DESCRIPTION OF THE TASK: Starting from the line that holds "延 安 (LAT:36.60", output exactly each line through the end of the listing. Do not copy pictures.

SOURCE MATERIAL:

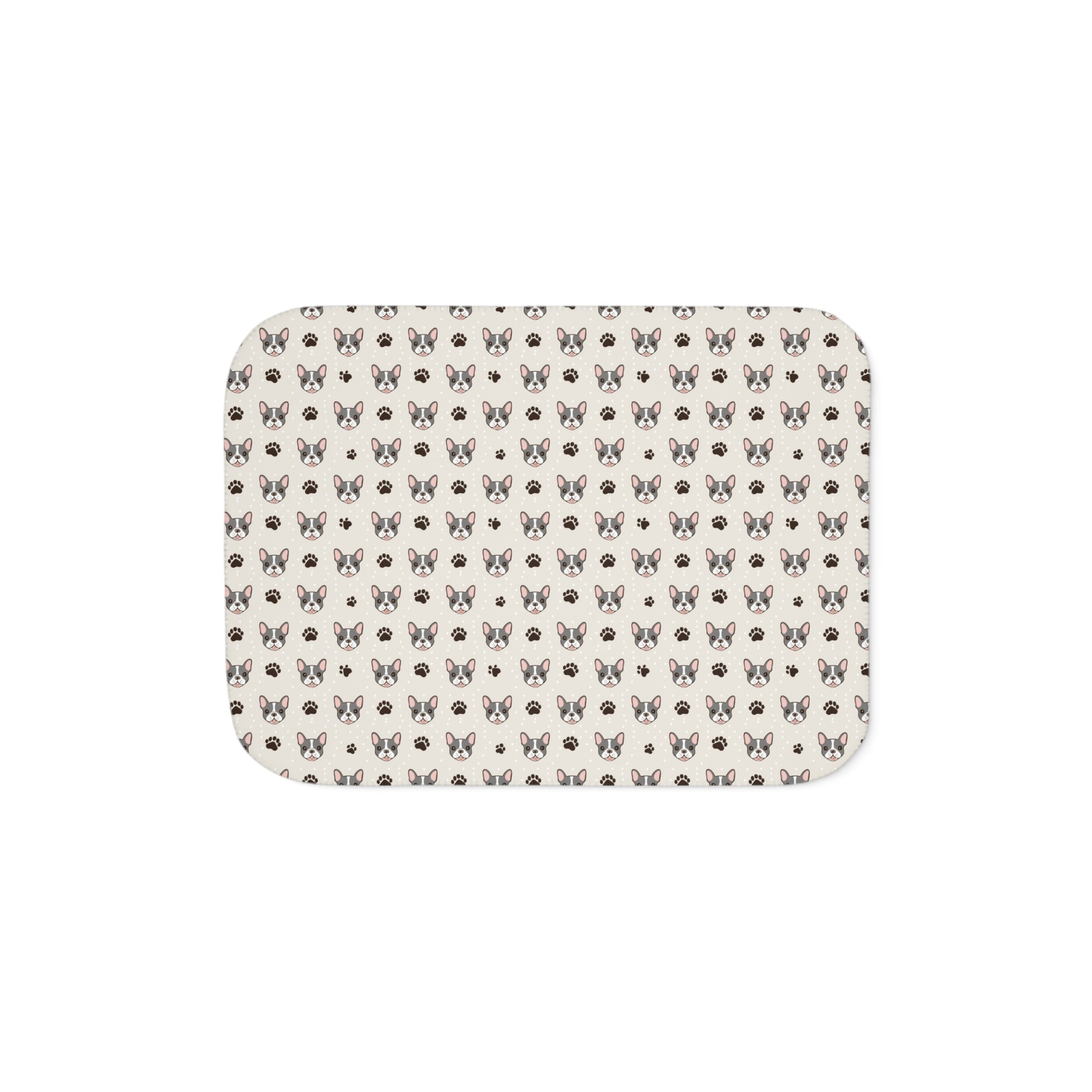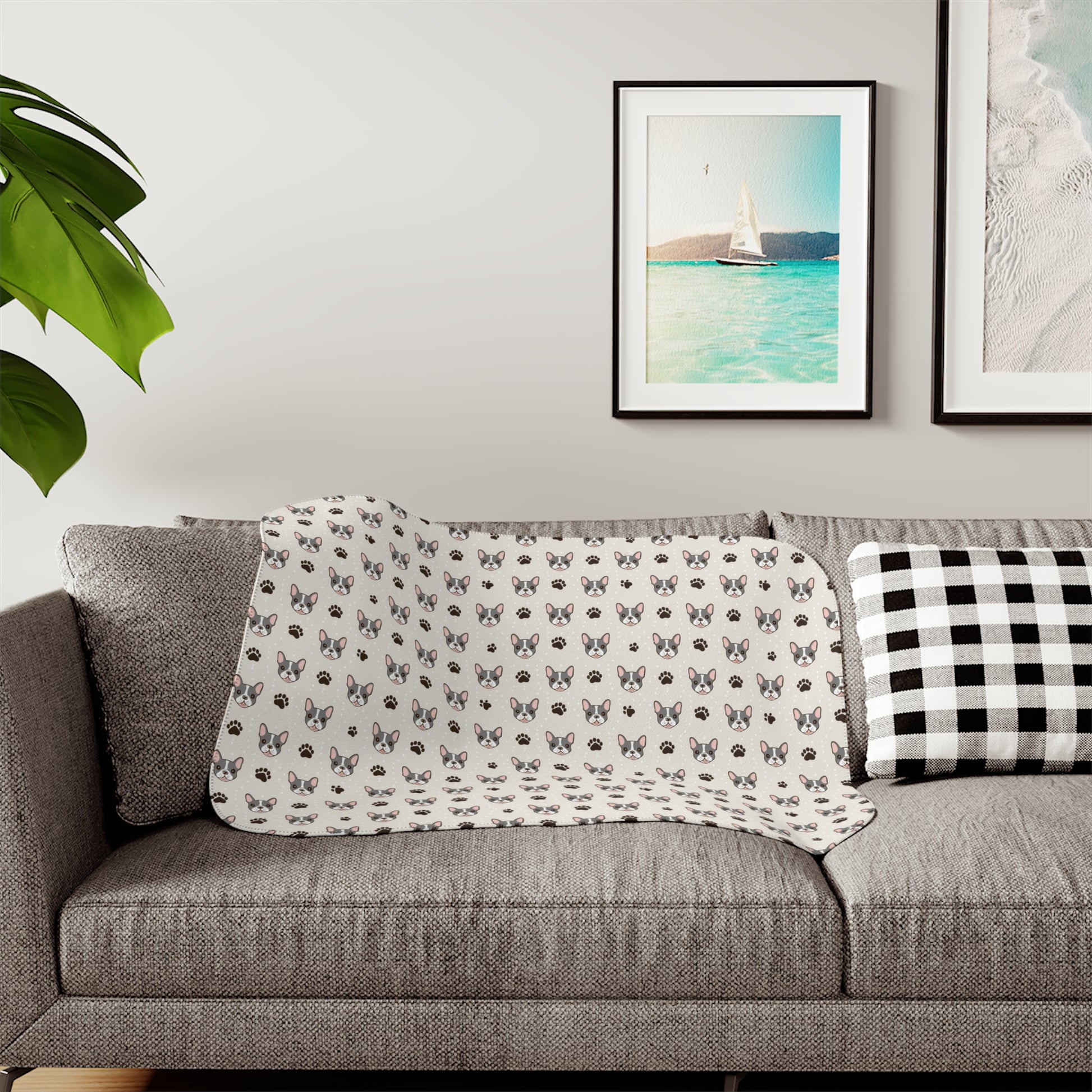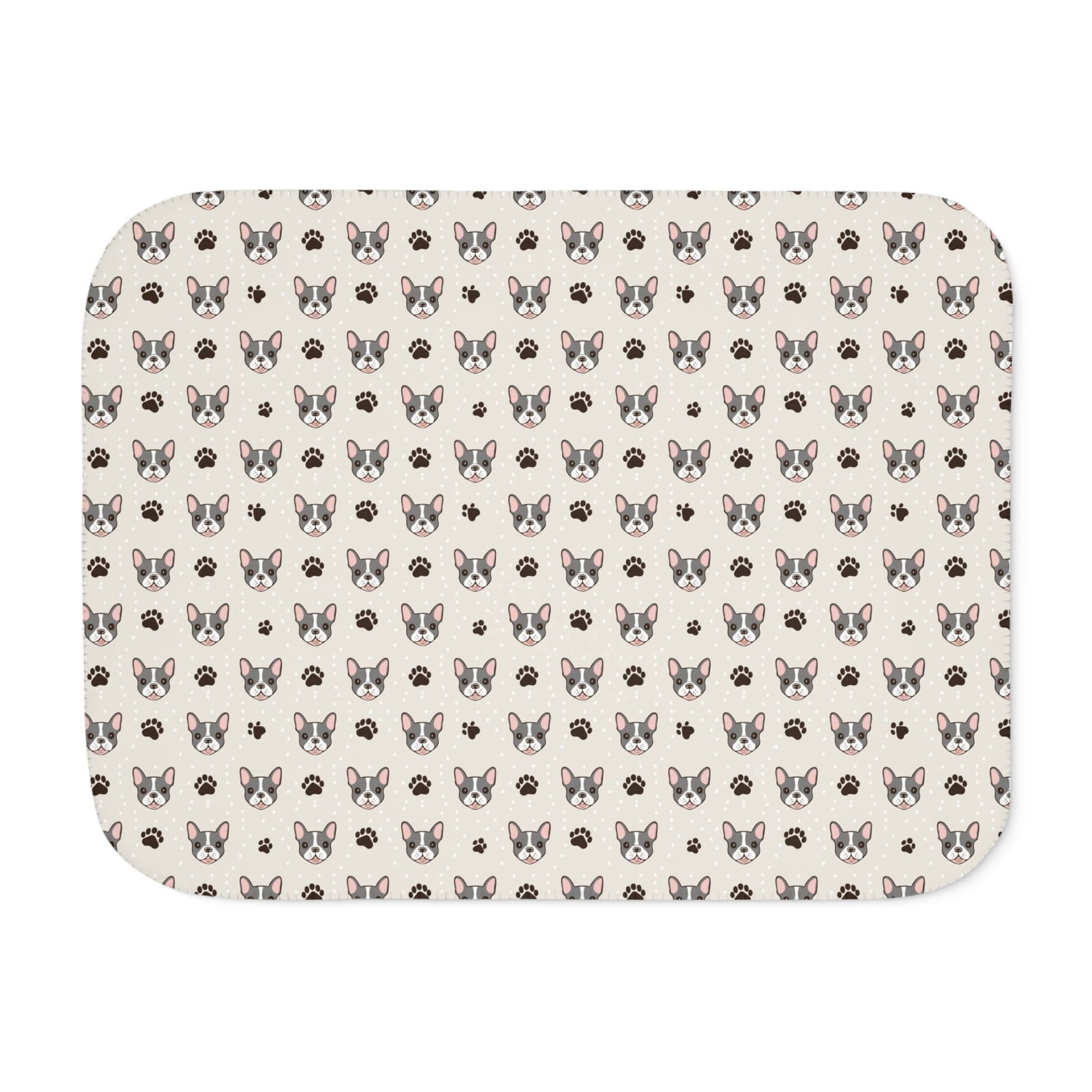 Sherpa Blanket, French Bulldog Design - Cozy Two-Tone Throw with Cute Paw Prints, Frenchie Lover Gift, Soft Plush Bedding, Animal Print
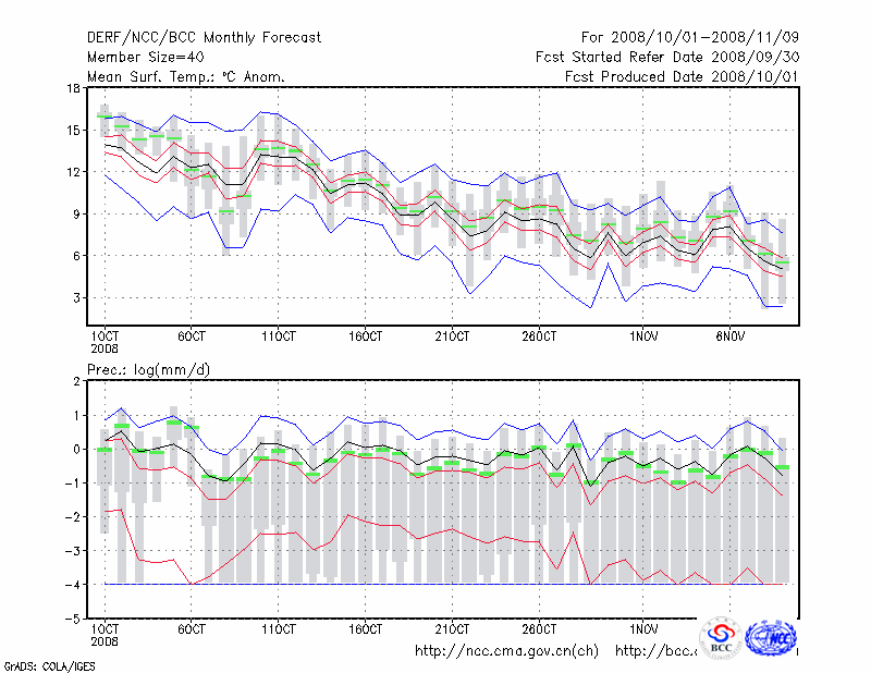 延 安 (LAT:36.60 LON:109.50) 2008-10-01        预测
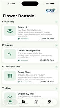 1、按品类、场景、租金筛花,高清图、养护难度、含不含盆一次看清,30秒锁定心仪绿植。

RESULT OF THIS EXERCISE:
 延 安 (LAT:36.60 LON:109.50) 2008-10-01        预测
 1、按品类、场景、租金筛花,高清图、养护难度、含不含盆一次看清,30秒锁定心仪绿植。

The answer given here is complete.